The looked at both Minnesota and Delaware law, since United is a Delaware corporation. The law of both states, as does the law of New Jersey, require that a restrictive covenant to be enforceable protect a legitimate interest of the former employer and, be reasonable in scope and duration. Here the issue was whether the reading of the restrictive covenant advanced by United was narrowly tailored to protect United’s interest. The trial judge held that the restrictions were too broad.
Plaintiffs argue that their interpretation of the scope of the non-compete is reasonable because the non-compete specifically prohibits competition with activities, products, and services that Louro engaged in, participated in, or had confidential information about. Although Louro disclosed his non-compete prior to interviewing with Anthem and Anthem tailored a job to comply with Louro’s non-compete, Plaintiffs claim that these efforts are insufficient because Anthem’s proposed position only insulates Louro from business segments that he was responsible for (national accounts, the Aon/Hewitt Exchange, etc.) rather than activities that he engaged in (underwriting and corporate strategy).

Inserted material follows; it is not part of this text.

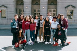 Group of MSM outside of the main entrance wearing MSM Campus Store Clothing
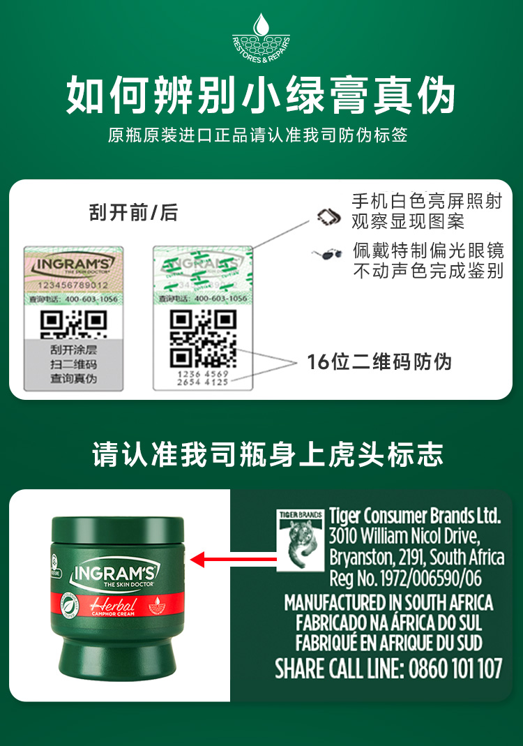 【年货节专属】INGRAM'S英格莱恩南非小绿膏原装进口草本香樟乳霜-D1

However, the Agreements do not define “activities,” “engaged in,” or “participated in” and widely restrict any direct or indirect competition with Louro’s previous activities. This broad language appears to give Plaintiffs wide interpretive latitude and could be particularly limiting for an executive, like Louro, who engaged even on the fringes of discussions related United’s corporate strategy. The Court has concerns that, without a more precise definition, the prohibited business activity in the non-compete agreement goes too far and is likely unreasonable unless interpreted more narrowly.
United claims under state trade secrets law and the federal Defend Trade Secrets Act, 18 U.S.C. 1836, also were insufficient to win a preliminary injunction. United did not contend that Louro had improperly taken trade secrets, but relied instead on the doctrine of inevitable disclosure. United argued that based on Louro’s knowledge of United’s pricing strategies, formulas and pricing factors, he could not perform his duties at Anthem without disclosing United’s trade secrets.
Courts consider several factors to determine whether a movant has demonstrated the likelihood of inevitable disclosure, including the degree of competition between the current and former employers; the extent to which the employee’s new position is similar to the position they held with the former employer; the actions that the new employer has taken to prevent the employee from using or disclosing the former employer’s trade secrets; and whether the movant has demonstrated any wrongdoing or nefarious motives on the part of the employee.
Here, Plaintiffs have demonstrated neither misappropriation … nor improper use or disclosure under Delaware law, and their pleadings do not meet the high bar for inevitable disclosure. United and Anthem are certainly competitors, but Louro’s position at Anthem is significantly different from his position at United. Further, the Court relies upon Anthem’s and Louro’s representations that both parties will take affirmative measures to prohibit Louro from disclosing any of United’s proprietary information, levying possible termination from his position at Anthem as a deterrent. United has also not demonstrated any nefarious motives on Louro’s part. United must show more to warrant injunctive relief. Accordingly, the Court finds that Plaintiffs are unlikely to prevail on their trade secret claims.
The holding in this case is a good example of the fit that is often required between the competitive interest that needs protection and the competitive activity at issue. Courts that are fashioning a remedy are often unlikely to enjoin conduct without the close fit that demonstrate that enforcement is reasonable, tightly framed and no broader than necessary.